- Work to complete:
Word for word, set down the lines from the one that holds "ヘコむあだ名 | 『もくにゅー』『豆乳』『もくぷりん』 |" through the final line of the listing below, and exclude every picture.
[Opening Supplied information section]
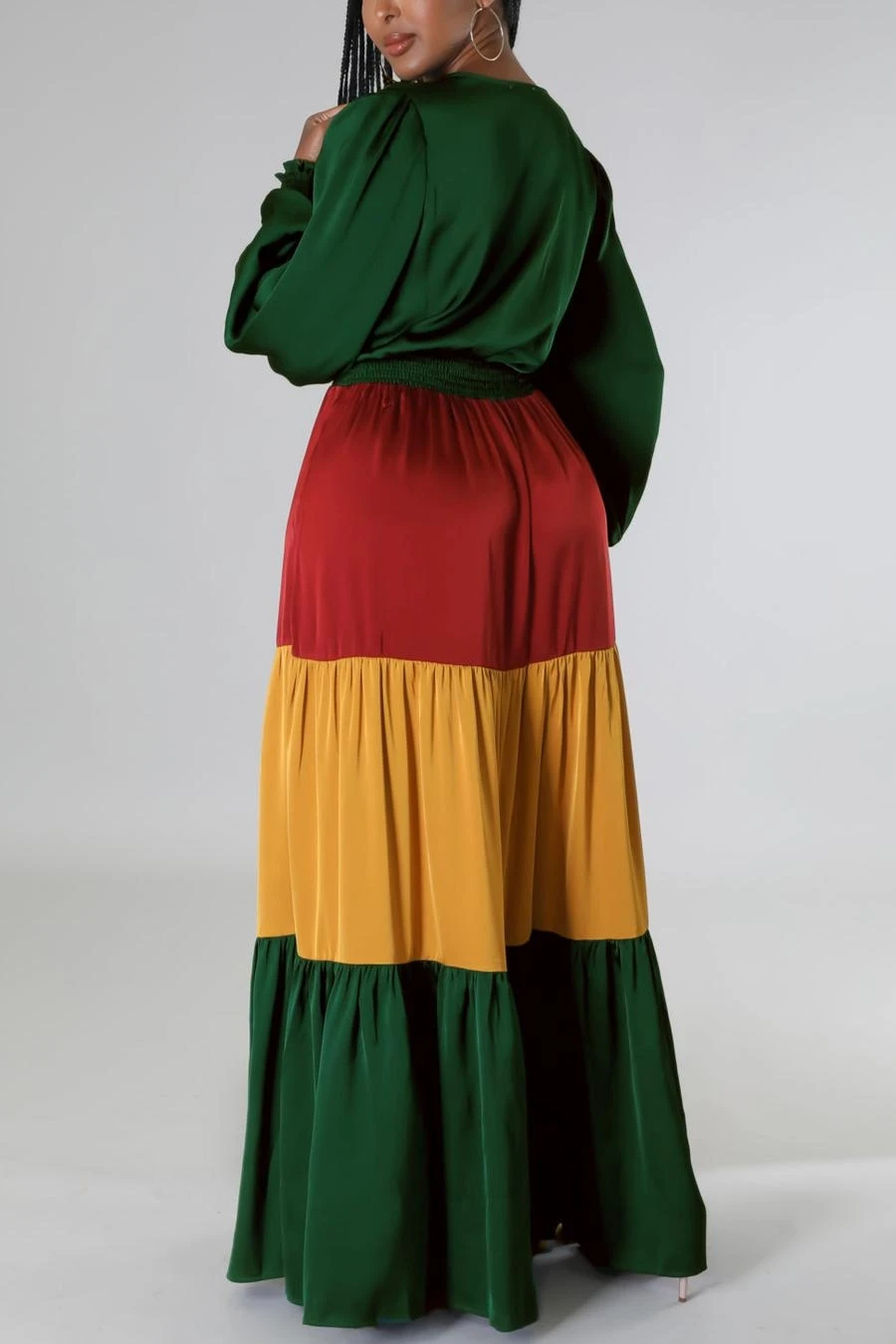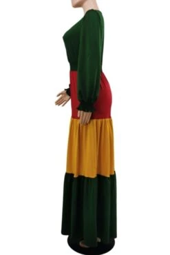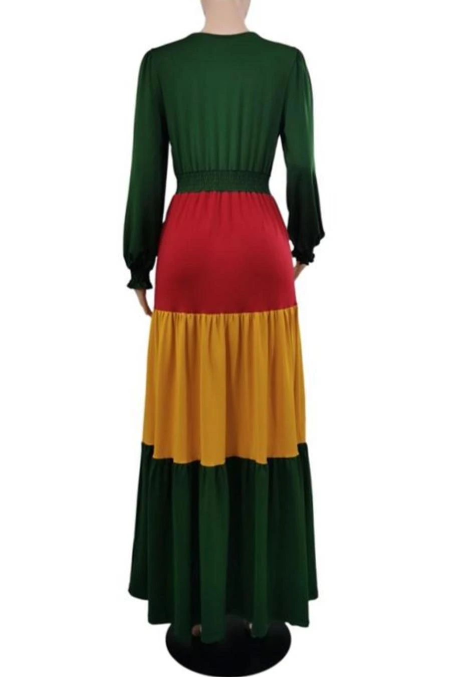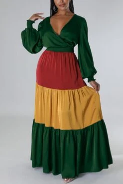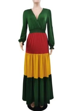 Contrast stitching stretch v-neck long sleeve stylish casual maxi dress
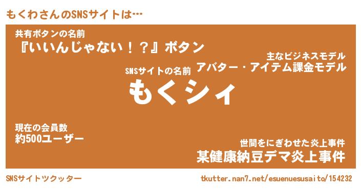 | ヘコむあだ名 | 『もくにゅー』『豆乳』『もくぷりん』 |
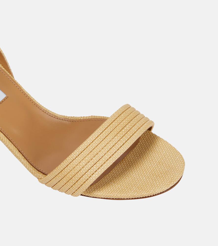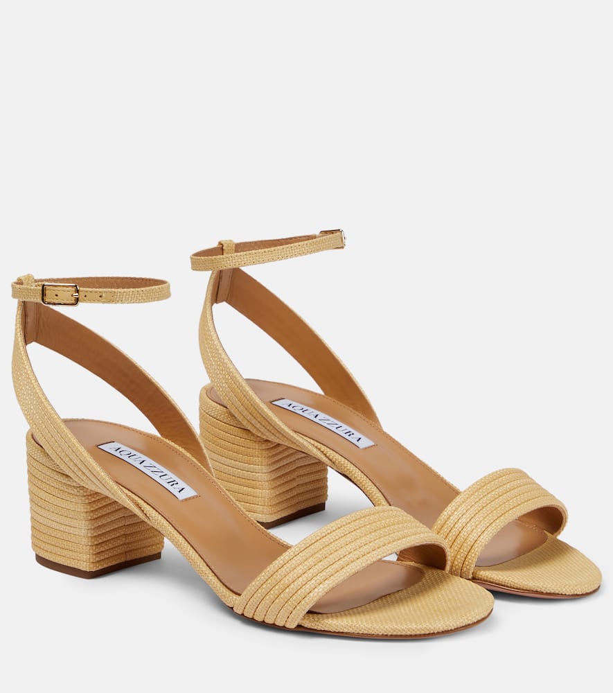 Toe shape: round open toe. Lining: leather. Comes with dust bag. Sole: leather insole and sole. Comes with a box. Designer color name: Natural. Upper: faux leather. Closure: buckle-fastening ankle strap. Made in Italy. Shop the latest Aquazzura Mid-Heel Sandals for women now.
[Closing Supplied information section]
- Answer for this exercise:
 | ヘコむあだ名 | 『もくにゅー』『豆乳』『もくぷりん』 |
 Toe shape: round open toe. Lining: leather. Comes with dust bag. Sole: leather insole and sole. Comes with a box. Designer color name: Natural. Upper: faux leather. Closure: buckle-fastening ankle strap. Made in Italy. Shop the latest Aquazzura Mid-Heel Sandals for women now.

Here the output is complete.